Mar 02 14:57:45 srv-app03 systemd[1]: Unit nginx.service entered failed state.
Mar 02 14:57:45 srv-app03 systemd[1]: nginx.service failed.

@Renato You could change /etc/nginx/nginx.conf so it is just listen 80 instead of listen [::]:80. Then service nginx reload.

Hi @garrett,

I already did that, the problem is that I run sudo /usr/local/bin/passbolt-configure, the installation stops on nginx with the following error;

Setting up nginx…

Job for nginx.service failed because the control process exited with error code.
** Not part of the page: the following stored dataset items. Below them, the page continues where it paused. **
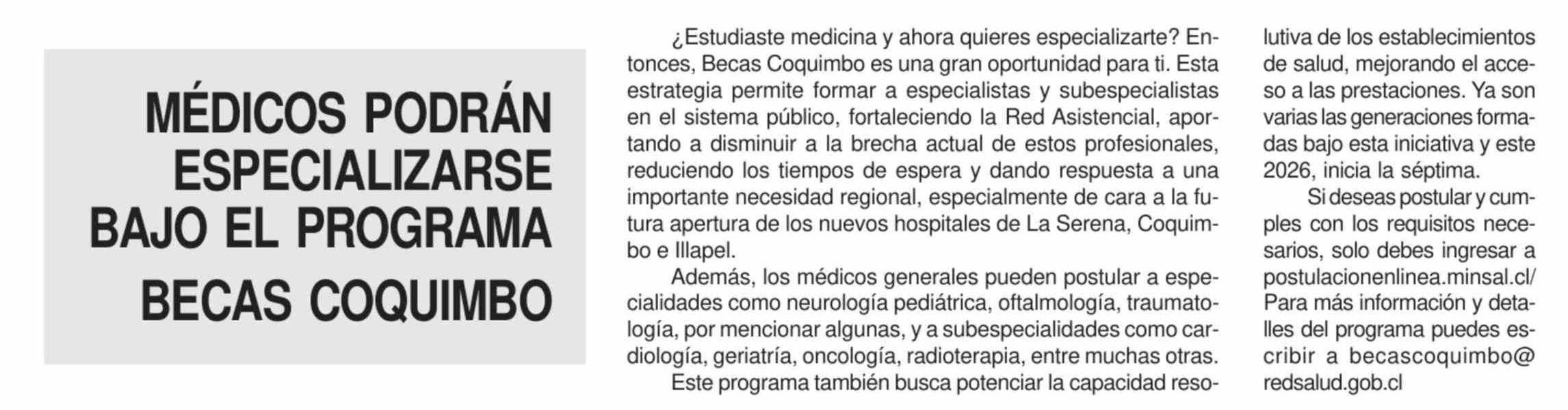 Título: MÉDICOS PODRÁN ESPECIALIZARSE BAJO EL PROGRAMA BECAS COQUIMBO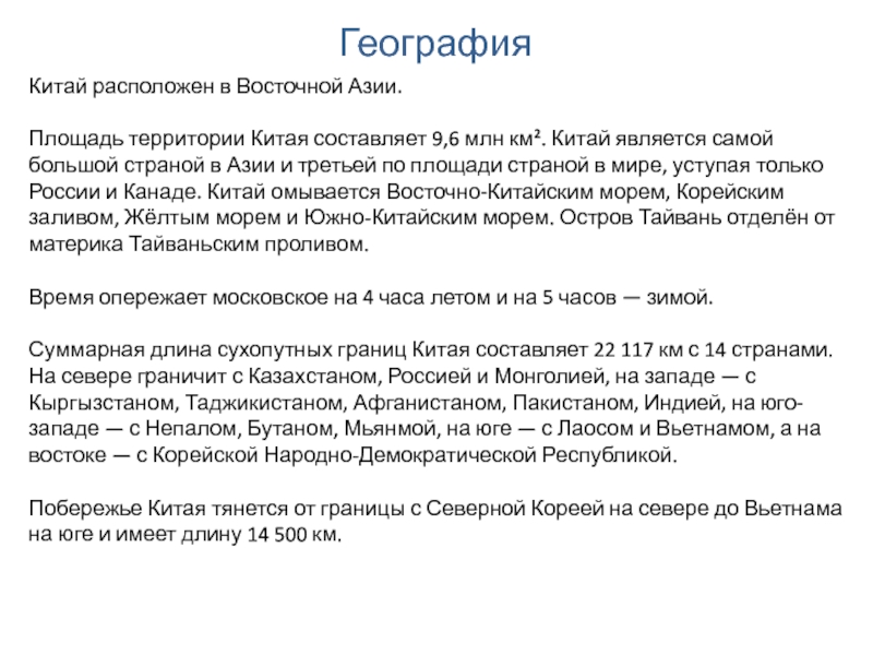 Китай является самой большой страной в Азии и третьей по площади страной в мире, уступая только России и Канаде. Китай омывается Восточно-Китайским морем, Корейским заливом, Жёлтым морем и Южно-Китайским морем. Остров Тайвань отделён от материка Тайваньским проливом.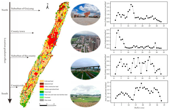 Specifically in the buffer zone, industrial land is mainly distributed in 2–4 strips around suburban Guiyang, showing an inverted “V” trend of “upward-decline.” The urban construction land is primarily concentrated in Huishui County, showing a normal distribution from north to south, but the distribution area in the northern Guiyang suburb is significantly higher than in the suburban county and countryside areas in the south. The cultivated land is mainly concentrated in the southern part of the study area, and the trend in cultivated land area and urban construction land area showed an opposite change on each strip. Modern agricultural land is distributed in a “jagged” pattern from north to south, with high values mainly located in the suburban Guiyang, the suburban county, and in the vicinity of the village of Haohuahong in the south.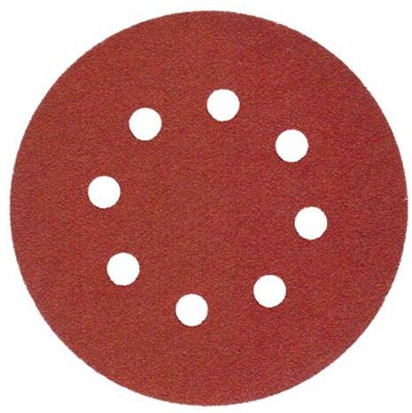 Tépőzáras csiszolópapír kör alapon, sarokcsiszolóhoz, fúrógéphez. A csiszoló komponens a dolgozó rétegben alumínium-oxid. A papír megfelelő méretű sarokcsiszolóval és fúrógéppel is használható, megfelelő tányér alkalmazásával. Fém, fa, műanyag és egyéb anyagok ...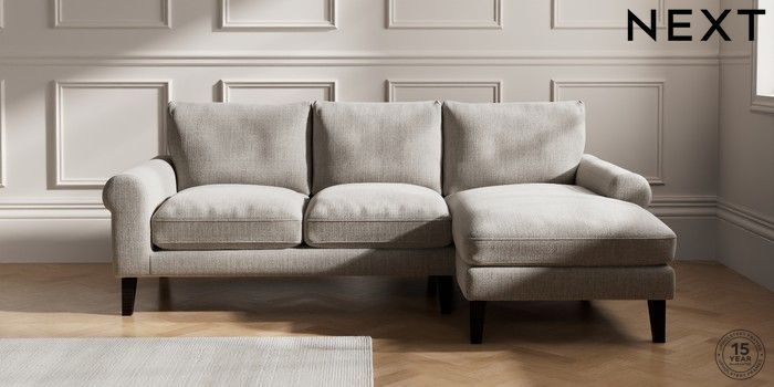 7.2.10 Palermo Relaxed Sit Medium Sofa Chaise - Right Hand Chunky Weave Dove Grey Tapered - Dark | Made Click here to use our website with more accessibility support, for example screen readers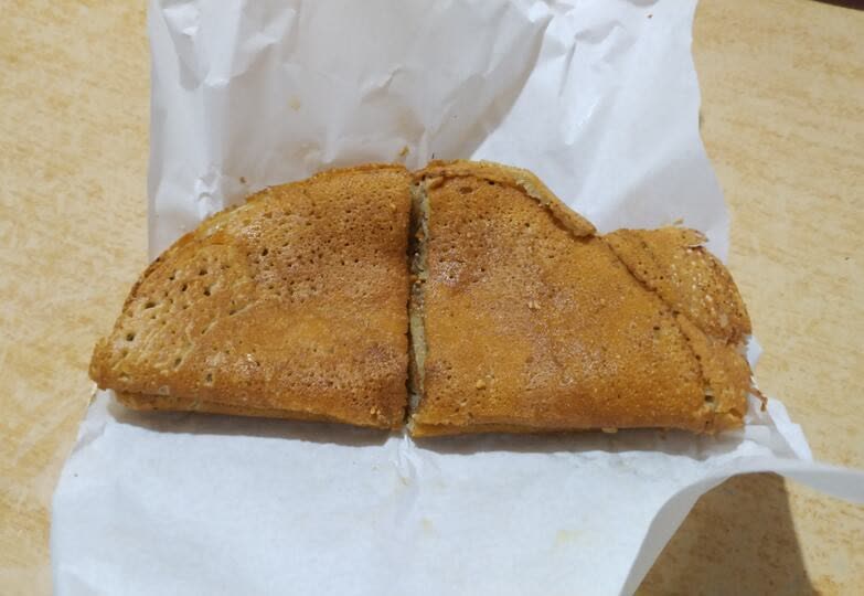 雖然維基百科說這個糕點在馬來文稱作 apam balik,不過其實一般的 apam balik 和這款夾餅不盡相同:apam balik 的外皮較薄也較酥脆,而這個夾餅的口感則比較類似煎蛋,吃起來較綿密,孔隙也較多。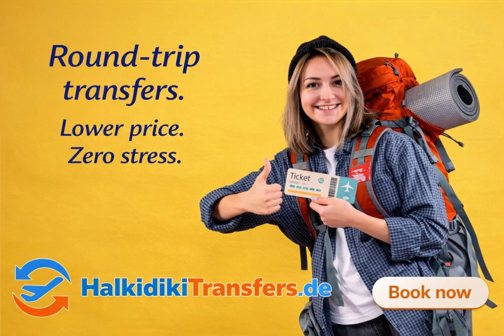 Enjoy a € 20-40 discount on your return transfer when you book a round-trip taxi from Thessaloniki Airport to Halkidiki. Secure your transfer today and travel with comfort and reliability.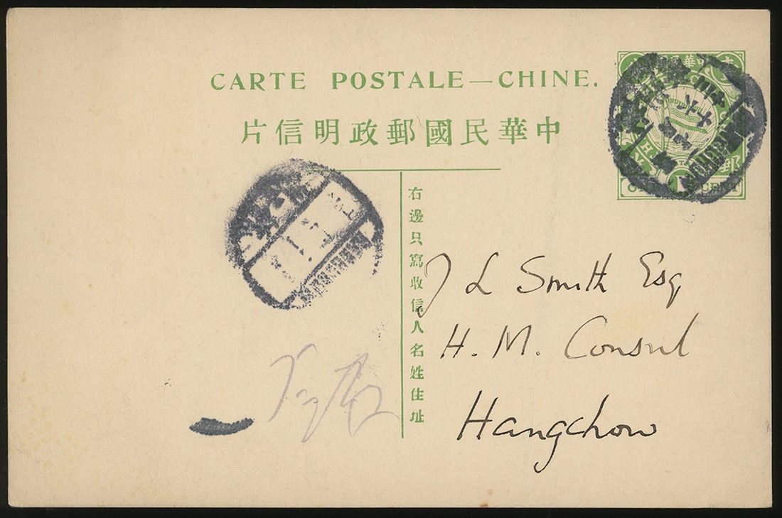 1914 (16 Jul.) 1c. flag stationery card to local tied by Hangchow c.d.s. with missing Chinese char. ‘Year’, very unusual.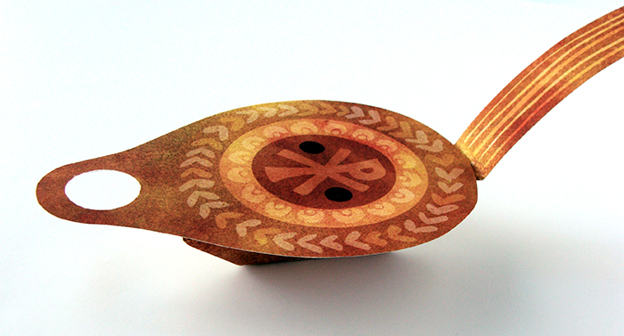 Tie the flame-shaped pieces together using the string. Thread the string through the hole in the lamp, pull down to position the flames correctly, and tape in place. Then cut off the part of the string that is not needed. You might want to place the remainder of the string in the hollow part of the lamp’s bottom part, and tape it so it stays put; thus demonstrating how oil lamps actually worked.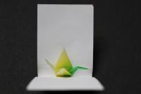 Signatur: S-8-12 Titel/Autor: Klappkarte: gefalteter Kranich Laufzeit: ca. 2011 Umfang: 3,5 x 4,5 cm, Papier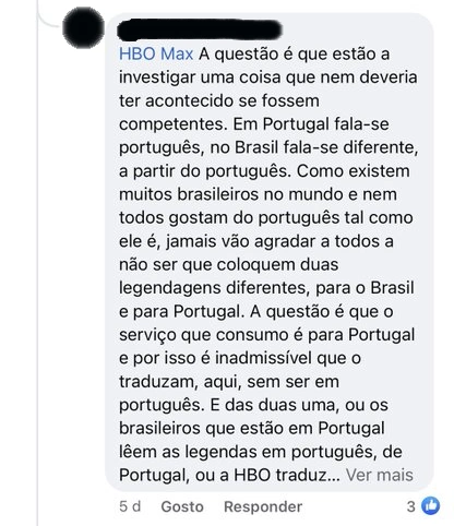 Em seu perfil do Twitter, um usuário chamado Renato Bacon compilou alguns comentários deixados pelo público português nas redes sociais do HBO Max, muitos deles reclamando da “vergonha” que é assistir a série com legendas em português brasileiro.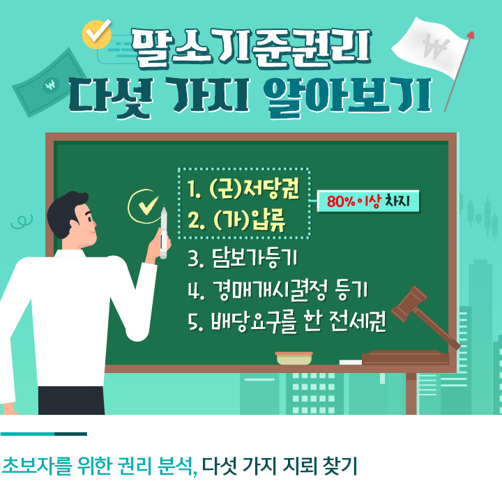 즉, 권리 분석의 핵심은 낙찰자에게 인수되는 권리가 있는지를 판단하는 것입니다. 부동산 경매 초보라면 ‘말소기준권리’ 다섯 가지만 기억하면 되는데요. 등기부상에서 (근)저당, (가)압류, 담보가등기, 경매개시결정 등기, 배당요구를 한 전세권 등 5개의 단어를 찾는 것입니다. 이 중 등기부에 기재된 순서가 가장 빠른 권리가 말소기준권리가 됩니다. 말소기준권리 아래의 채권은 모두 삭제됩니다.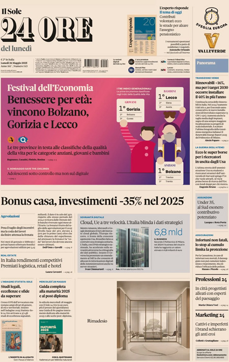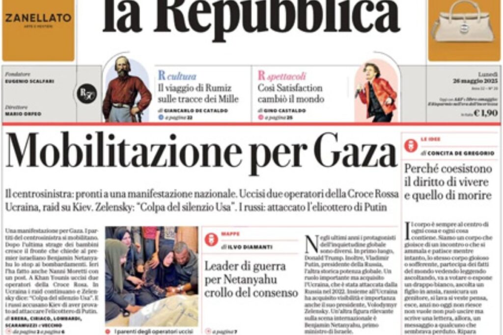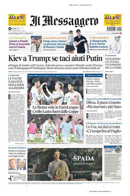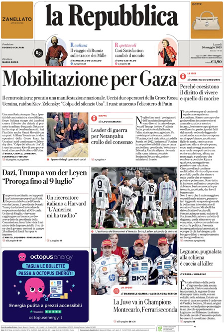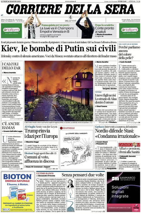 Le prime pagine dei principali quotidiani italiani di oggi sono dominate dalla guerra tra Russia e Ucraina. Nella notte tra sabato e domenica, si sono verificati violenti bombardamenti russi su diverse città ucraine, intensificando ulteriormente il conflitto. Mosca ha accusato Kiev di aver tentato di abbattere l’elicottero a bordo del quale si trovava il presidente Vladimir Putin, un’accusa che contribuisce ad alimentare la tensione internazionale. Nel frattempo, il presidente ucraino Volodymyr Zelensky ha rivolto un nuovo appello al suo omologo statunitense, Donald Trump, chiedendogli di esercitare pressioni sulla Russia per ottenere una tregua e aprire un dialogo diplomatico. Accanto a queste notizie di politica estera, la Repubblica dedica l’apertura alle reazioni italiane riguardo alla crisi nella Striscia di Gaza, mentre la Verità concentra l’attenzione sulla trattativa in corso tra Stati Uniti e Unione Europea per la riduzione dei dazi.

See “systemctl status nginx.service” and “journalctl -xe” for details.

[root@srv-app03 ~]# systemctl status nginx.service
● nginx.service - The nginx HTTP and reverse proxy server
Loaded: loaded (/usr/lib/systemd/system/nginx.service; enabled; vendor preset: disabled)
Active: failed (Result: exit-code) since Wed 2022-03-02 17:16:25 -03; 8min ago
Process: 1978 ExecStartPre=/usr/sbin/nginx -t (code=exited, status=1/FAILURE)
Process: 1976 ExecStartPre=/usr/bin/rm -f /run/nginx.pid (code=exited, status=0/SUCCESS)

Mar 02 17:16:25 srv-app03 systemd[1]: Starting The nginx HTTP and reverse proxy server…
Mar 02 17:16:25 srv-app03 nginx[1978]: nginx: the configuration file /etc/nginx/nginx.conf syntax is ok
Mar 02 17:16:25 srv-app03 nginx[1978]: nginx: [emerg] socket() [::]:80 failed (97: Address family not supported by protocol)
Mar 02 17:16:25 srv-app03 nginx[1978]: nginx: configuration file /etc/nginx/nginx.conf test failed
Mar 02 17:16:25 srv-app03 systemd[1]: nginx.service: control process exited, code=exited status=1
Mar 02 17:16:25 srv-app03 systemd[1]: Failed to start The nginx HTTP and reverse proxy server.
Mar 02 17:16:25 srv-app03 systemd[1]: Unit nginx.service entered failed state.
Mar 02 17:16:25 srv-app03 systemd[1]: nginx.service failed.

If I change the nginx.conf to not listen on port [::]:80, when I run the installation script, again it sets this port in nginx.conf automatically, understand?